Let $E_1$ and $E_2$ be vector fields on $U = \mathbb{R}^2\setminus (0,0)$ and let $\epsilon_1, \epsilon_2$ be the one-forms dual to $E_1$ and $E_2$ respectively. Suppose we have $$E_1(x,y) = \frac{x}{\sqrt{x^2+y^2}}\frac{\partial}{\partial x} + \frac{y}{\sqrt{x^2+y^2}}\frac{\partial}{\partial y}$$ and $$E_2(x,y) = \frac{-y}{\sqrt{x^2+y^2}}\frac{\partial}{\partial x} + \frac{x}{\sqrt{x^2+y^2}}\frac{\partial}{\partial y}$$
$\textbf{Question:}$ How do we compute $\epsilon_1$ and $\epsilon_2$?
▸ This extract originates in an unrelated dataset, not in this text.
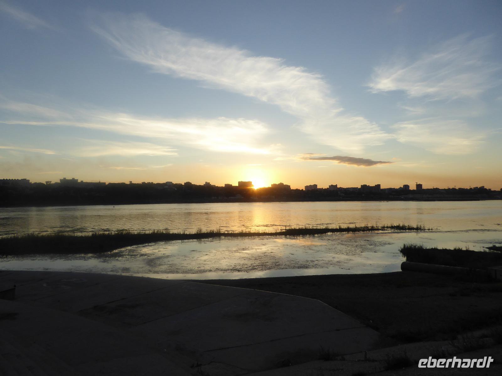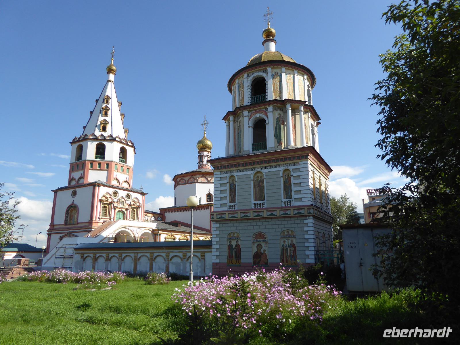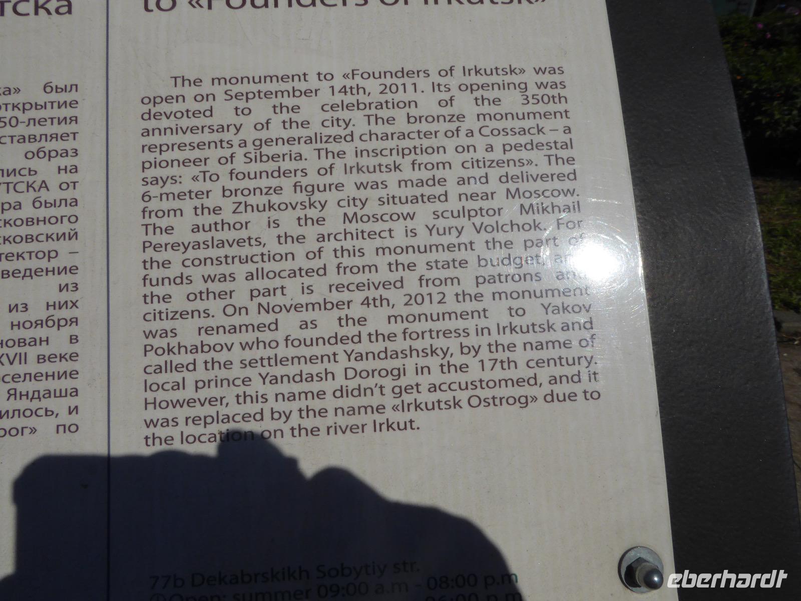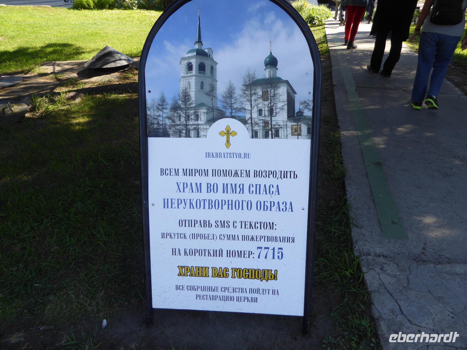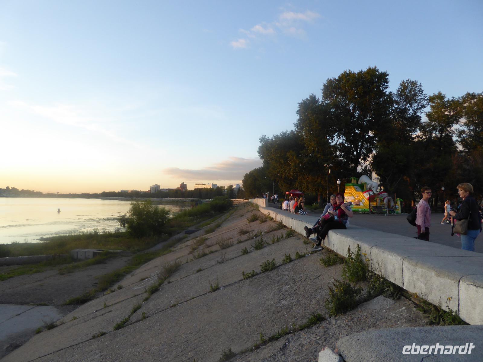 Frühmorgens kommen wir in Irkutsk an. Nach 5 Stunden plus 10 Minuten Flug etwas müde. Tanja erwartet uns bereits am Ausgang. Sie ist unternehmungslustig und freut sich auf einen schönen Tag mit uns. Gemeinsam holen wir das Gepäck (Achtung! Abschnitt aufheben!) und verstauen es im Gepäckbus. Wir Gäste quetschen uns in einen zweiten Bus, der ist so klein, trotzdem sind zwei Plätze frei. Zunächst bringen wir das Gepäck ins Hotel. Da wir kein Frühstück hatten, bringt uns Tanja zunächst in ein überraschend modernes Kaffee. Wer ahnt denn schon, dass es geschlagene zwei Stunden dauert, bis der letzte sinen Kaffee hat? Mit unserem Bus fahren wir nun durch Irkutsk. Erste Station: das Ewige Feuer. In 21 Städten Russlands brennt das Ewige Feuer, das an die Gefallenen des 2. Weltkriegs erinnert. Hier wurde es am 9. Mai 1975 entfacht. An besonderen Tagen halten irkutsker Schüler hier eine Ehrenwache. Auf den Granitplatten liegen (immer) frische Blumen. Wir besuchen die Erlöserkirche, die 1672 zum ersten Mal an diesem Platz errichtet wurde. Während der Sowjetzeit war die Kirche geschlossen, aber das Gebäude blieb erhalten. Von 1970 bis 1980 wurde die Kirche restauriert. Anschließend besuchen wir die polnische Kirche. Der Name kommt daher, dass polnische Verbannte die Kirche von ihren Spenden errichten ließen. In Polen gilt dies Kirche als polnisches Kulturerbe. Am Denkmal für den Kosakenführer Jakow Pochabow berichtet uns Tanja von der Geschichte Irkutsks. Das Land, auf dem sich die heutige Stadt befindet, wurde 1661 von eben genanntem Kosakenführer entdeckt und besiedelt. Etwa einhundert Jahre später enststand die erste Straße nach Moskau. Über diese wurde der Handel mit den Schätzen Sibiriens und Chinas abgewickelt, wodurch sich die Stadt elementar veränderte. Die nach Irkutsk verbannten Politischen trugen dazu bei, dass sich die Stadt zu einem kulturellen und wissenschaftlichen Zentrum entwickelte. Von der Geschichte der Stadt erfahren wir dann noch einiges bei einer ausgiebigen Führung durch das Heimatmuseum. Den Abend verbringen wir mit einem romantischen Spaziergang bei Sonnenuntergang an der Angara. Hier lassen wir uns auch das leckere russische Eis schmecken.

You just get a system of equations to solve. Set $\epsilon_1 = a\,dx + b\,dy$ and $\epsilon_2 = c\,dx + e\,dy$. Writing $\epsilon_i(E_j) = \delta_{ij}$ gives you a system of linear equations for $a,b,c,e$. (There are fancier ways to do this with change-of-basis matrices, but I won't bother.)
You should get \begin{align*} ax + by &= \sqrt{x^2+y^2} \\ cx + ey &= 0 \\ -ay + bx &= 0 \\ -cy + ex &= \sqrt{x^2+y^2}. \end{align*} I leave you to solve.
COMMENT: I usually come at this the other way. If I start with polar coordinates $(r,\theta)$, then $dr = \frac xr\,dx + \frac yr\,dy$ and $r\,d\theta = -\frac yr\,dx + \frac xr\,dy$. Can you get the dual vector fields from this?